Das ist nach Abschluss der Hauptbautätigkeiten auf der Kraftwerks-Insel eingeplant. Es soll vor allem ein Wasserspielplatz für Kinder und Jugendliche entstehen.

Im letzten Geschäftsjahr 2021 lag die Wasserführung der Aare trotz des Hochwassers im Sommer deutlich tiefer als im Durchschnitt der Vorjahre. Kann das mittelfristig ein Problem werden?

Ja, das ist definitiv ein Problem und hängt mit den letzten eher trockenen Jahren zusammen. Auch dieses Jahr schreibt wieder neue Minusrekorde bei der Wasserführung der Aare.

«Auch dieses Jahr schreibt wieder neue Minusrekorde bei der Wasserführung der Aare.»

Ende 2023 soll die bereits erwähnte Biogasanlage und Energiezentrale «Telli» stehen. Wenn man all Ihre Neu- und Zubauprojekte zusammenzählt, wie hoch wird dann zu diesem Zeitpunkt der Energieeigenversorgungsgrad der Eniwa sein? Im Moment sind es 22% vom Energieabsatz.

Der Eigenversorgungsgrad steigt mit der Biogasanlage um etwa 3% beim Gas, über die gesamte Energieliefermenge von Eniwa um etwa 1.5%. Bis 2050 wollen wir 50% Eigenversorgungsgrad im Versorgungsgebiet erreicht haben. Die restliche Energie beziehen wir dann immer noch über die Partnerwerke, wo wir beteiligt sind oder über den Handel auf dem freien Markt.

Wie ist die momentane Lage bei den CO2-Zertifikaten?

Das Interesse der Kunden an freiwilligen Zertifikaten ist gering. Solange es keine günstigen und anrechenbare Zertifikate gibt, wird auch das Interesse kaum wachsen.

Sie monieren eine Diskrepanz zwischen dem Auftrag des Bundes und dem Verhalten der Bewilligungsinstanzen auf allen Ebenen. Was wäre denn Ihre Wunschliste für die jetzt aufgrund der weltpolitischen Ereignisse sehr anspruchsvollen Zukunft?

Die Laufzeiten für Bewilligungen und Bau von grösseren Energieinfrastrukturprojekten betragen typischerweise 15-20 Jahre. Der jährlichen Zubau, gemäss Statistik des Bundes, entspricht etwa einem Viertel des benötigten, um die Ziele des neuen Energiegesetzes mit einem Ausbau auf 39 TWh «Neue Erneuerbare Energien» zu erreichen.
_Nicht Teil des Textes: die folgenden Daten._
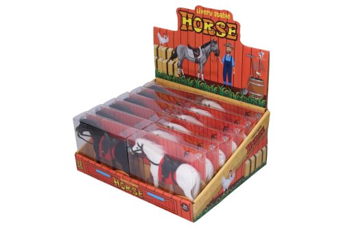 Kôň figúrka. Veľkosť 14 cm. 2 varianty - čierna, biela. Display box - 12 ks.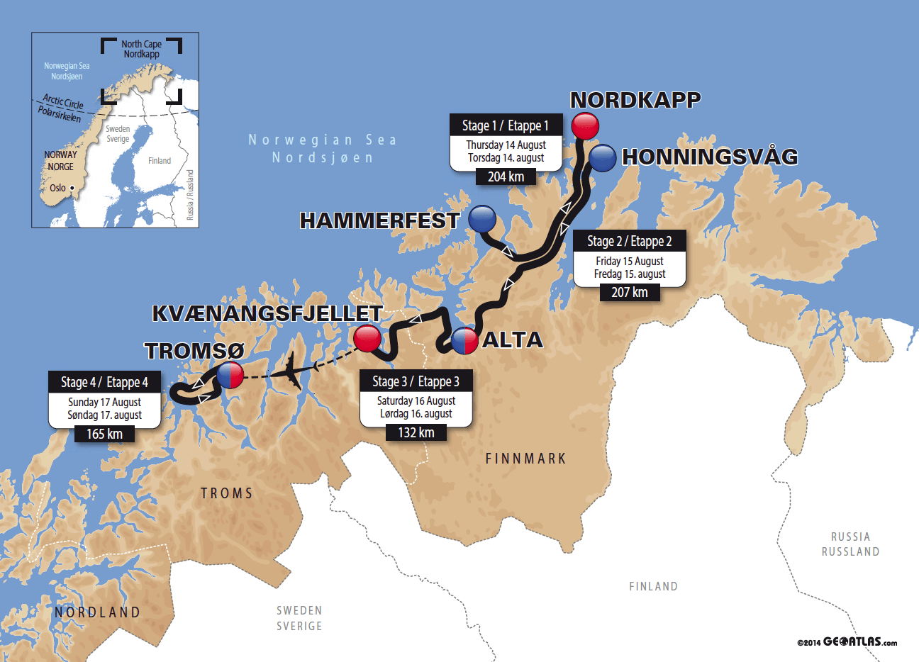 Schon im letzten Jahr zeigten sich Besucher sowie Radfahrer überwältigt von der Schönheit Nordnorwegens, die sie während ihrer großen Tour von Bodø nach Harstad umgab. In diesem Jahr radeln die internationalen Radsportprofis sogar noch weiter in die verborgenen Tiefen des Nordens. Die Strecke verläuft zwischen Hammerfest und Tromsø und erreicht dabei sogar den nördlichsten Punkt Europas; den Nordkap. Dort hat man als Besucher eine 400 Meter weite Aussicht über das wilde Nordpolarmeer. Weiter geht es über Alta und Honningsvåg aufwärts nach Kvænangsfjellet. Und wenn schließlich das Ziel in Tromsø erreicht wird, haben die Teilnehmer eine Route von insgesamt 708 Kilometer zurückgelegt.

Für grössere Energieprojekte ab 5 MW Produktionsleistung oder 1 GWh Speichermenge brauchen wir schnell eine Lösung analog Eisenbahngesetz, welche die Realisierungszeit deutlich verkürzt und die Verfahren vereinfacht. Oder noch besser die Einsicht aller Bürger und Instanzen in der Schweiz, dass es ohne Strom sehr schnell chaotisch werden wird und dass eine gut funktionierende und leistbare Stromversorgung das Rückgrat unserer Wirtschaft, unseres Wohlstandes auch unseres hohen Lebensstandards ist.